In 2021, Cirillo came to international attention when Russian opposition figure Alexei Navalny posted the documentary film, Putin's Palace. History of World's Largest Bribe, to YouTube. The documentary by the Anti-Corruption Foundation was about a 180,000 sqft neoclassic mansion on the Black Sea reportedly owned by Russian President Vladimir Putin; its construction is believed to have cost over US$1 billion in 2009. Although Cirillo designed the palace and selected its interior decor and furnishings, he was not involved in its construction. He stated that his client was Stroygazconsulting, a company owned by a Jordanian businessman, which wanted a place for meetings and receptions. Cirillo said, "Aesthetically speaking, it is very correct considering historical proportions. It is not kitsch. It's not overdone, but naturally it is rich, as it was supposed to be. And we used fantastic materials. I was proud of my job. It's very good 'Made in Italy.'"

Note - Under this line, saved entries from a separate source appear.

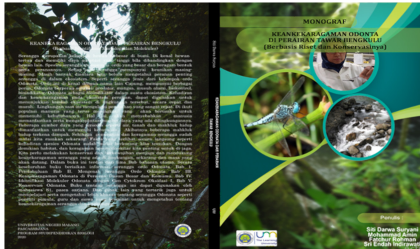
Figure 1. Monograph

The data collection techniques used in this study are pretest and posttest, which are analyzed descriptively. Hypothesis testing was performed using ANCOVA. However, before testing, the hypotheses and data were analyzed using the normality test of the One-Sample Kolmogorov-Smirnov Test and Levene's Test of Equality of Error Variances homogeneity.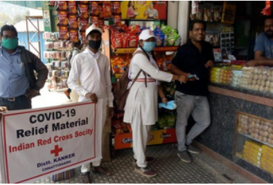
Mask distribution, Kanker,Chattisgarh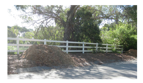
Spread chips to be no more than 4 inches deep.

Compost, mulch, or dispose offsite all vegetation materials cut during fuel treatments. Cut material may either be chipped and spread so the chips are no deeper than 6 inches. If cut materials are not chipped they must be hauled from the site.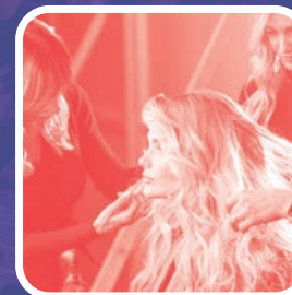
INNOVATION IN TERMS OF EDUCATION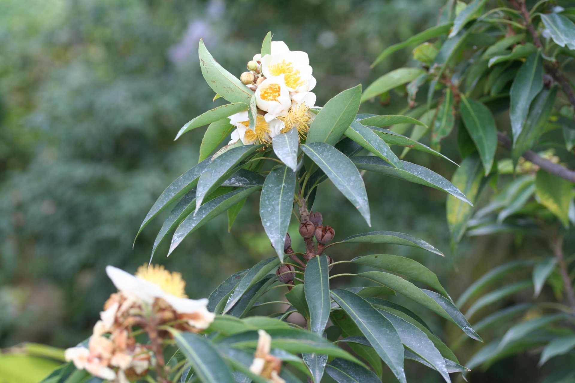
Schima wallichii , Camelliaceae ヒメツバキ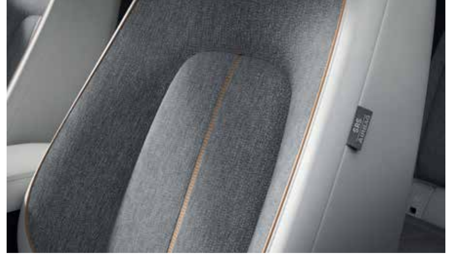
LIGHT GREY CLOTH WITH STONE LEATHERETTE (Standard on First Edition, GT and GT Sport grade)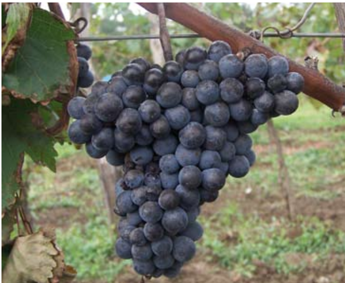
Grapevine production is one of Georgia's prime agricultural activities.

The Study emphasized that Georgia's rich agricultural legacy of traditional crops must be conserved and used to advance agricultural productivity in Georgia. Traditional varieties could be used to develop niche markets for the preparation of traditional foods, thereby providing new markets and generating income for local farm communities. Georgia is also rich in wild species, many of which are genetic relatives of cultivated plants and may serve as genetic resources to solve serious limitations in crop production, such as susceptibility to pests and diseases. It is essential to secure this rich biological resource indefinitely through a strong national, integrated and coordinated PGRFA management strategy. Considerable interest has been shown by the national authorities to follow-up on the Study. As in the case of Armenia, long-term assistance, cooperation and funding will be essential for the improvement and effective use of Georgia's PGRFA for food security.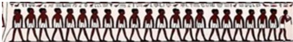
Fig. 5: Haulers team in the second row.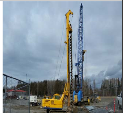
Drilling & Probing Structural Columns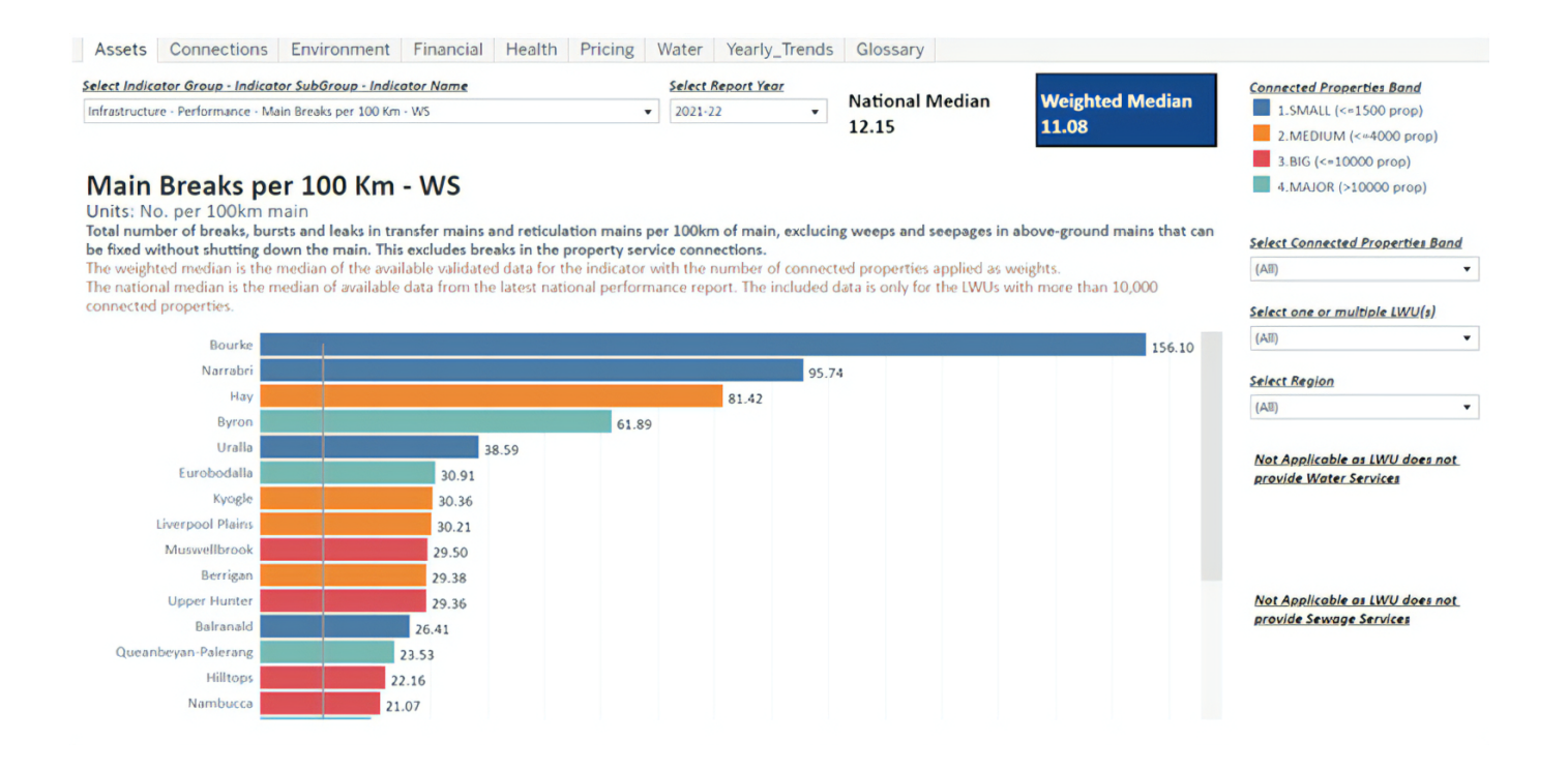
2021-22 LWU performance monitoring data now available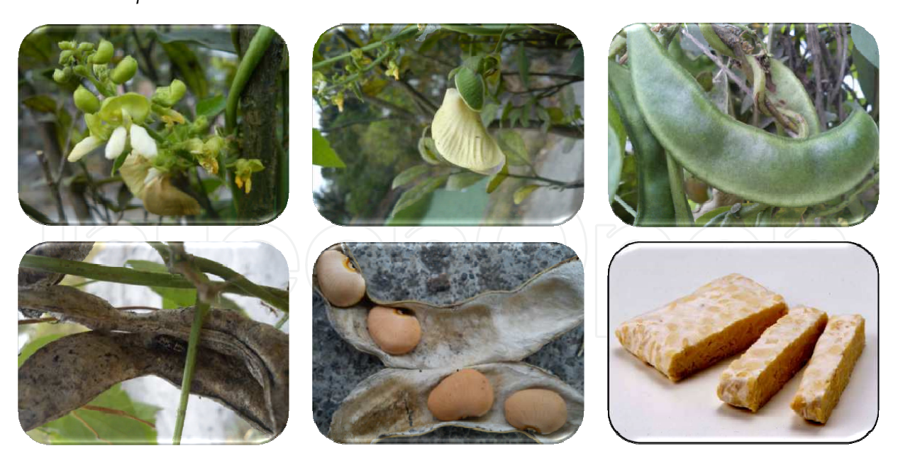
Fig. 1. Common climbing beans from young pod to matured seeds which can be used as vegetable, old seeds may be processed into tempeh mixed or supplemented with soybean.

Tempeh : This is a soy product that originated form Indonesia. It is made from whole soybean seeds which are soaked, dehulled and partly cooked. Spores of Rhizopus oligoporus , used a s fermenting culture is mixed with the seeds. The seeds are spread thinly on a tray and allowed to ferment for 24 to 36 hours at 30° C. Good tempeh is characterized by proper knitting together to have a firm texture. This can be cut, soaked in brine or salty sauce and then fried. Tempeh has also been processed from other types of beans or mixture with whole grains. Figure 1 shows the pod of climbing beans, the mature seeds and the processed beans made into tempeh .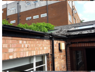
Existing Roof to be replaced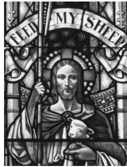
Wolfville Baptist Church (detail)

I never cease to be amazed that The Sharing Way has so embedded itself in Canadian Baptist life. There is still what the pundits would call 'brand recognition'. And it's more than 35 years since it was born! It's true that Canadian Baptist Ministries has set the banner aside, but the programmes they promote are overwhelmingly what The Sharing Way always sought to be and to do. I was there at the beginning of what became a significant chapter on our Canadian Baptist story. In those first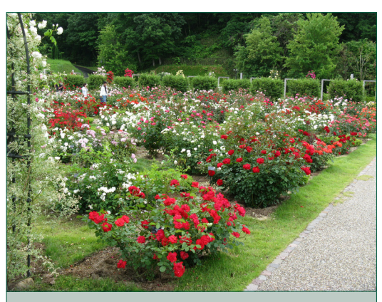
Figure 1. Roses in a traditional garden setting.

Modern roses are classified based on lineage and flowering characteristics.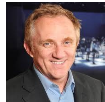
François Henri-Pinault Kering Group

The controversy brought Cirillo to the attention of Italian tax authorities. Since 2022, he has been under investigation for tax offenses in Italy from 2013 to 2019. As part of their investigation, Italian authorities seized assets totaling 141 million euros from Cirillo's villa near Brescia, Italy, including a private helicopter, jewelry, and a 150-piece art collection with works by Paul Cézanne, Giorgio de Chirico, Amedeo Modigliani, and Pablo Picasso.

In February 2022, Cirillo's lawyers said that he was able to provide documents and testimony to prove that his income was earned outside Italy and, therefore, should not have been taxed there. In an interview with Libero in November 2022, Cirillo said, "I started working in this country [Russia] in 1993, I have been registered with AIRE since 2003, and I even receive my pension in Russia. The thesis of my fictitious stay abroad, on which the entire indictment is based, is a real paradox".

=== Viticulture ===
In May 2016, Cirillo announced plans to build a winery and agrotourism project near Anapa. As of February 2016, he was a fifty percent owner of Anapa-based Shumrinka LLC, according to the Unified State Register of Legal Entities. His business partner was Alexander Kislitsyn, the former head of Lukoil-Inform. Shumrinka owns approximately 400 ha of land near Gaikodzor for vineyards and related infrastructure; its main activity is growing grapes. Cirillo said they planned to create "a small Tuscan village" and aimed to reach a production volume of one million bottles per year by 2021. Meanwhile, the company has expanded its production and built a new warehouse. At the end of 2020, the winery became a partner of the Milstream winery as part of the Unique Russian Winemaking project. In 2021, Schumrinka wines ranked fiftieth in the Forbes ranking of the best wines in Russia.

== Personal life ==
In 2014, Cirillo received Russian citizenship after more than twenty years of residence in the country. He also owns three villas in Porto Cervo in Sardinia. He lives between Moscow and Dubai, traveling the world for charity projects and polar expeditions. After the 2019 death of his daughter Elisabetta, a novelist, at the age of 33 from cancer, he decided to "do something for the next generation.". He has campaigned for sustainability and environmental protection, issues that were close to her heart. Cirillo traveled to Africa to address the problem of rainforest deforestation in Guinea. He is involved in an international foundation that researches climate change in the polar regions of the Arctic and Antarctic. He is trying to bring the Pope to the North Pole to draw attention to the destruction of the Arctic.

Cirillo is also a sailing enthusiast. His Fantastica team celebrated success in the Melges 32 class, winning the world title in 2013. As the main sponsor of the Russian team in the Finn class, he has made a contribution to the preparation of the Russian Olympic sailing team. PROyachting named Cirillo "Patron of the Year" in 2016 for his support of the Russian Olympic sailing team. The Russian Sailing Federation is building a sailing center in Gelendzhik with his participation.

In an interview with TV Rain, Cirillo said he supported the Russian Orthodox Church, although he himself is a Catholic.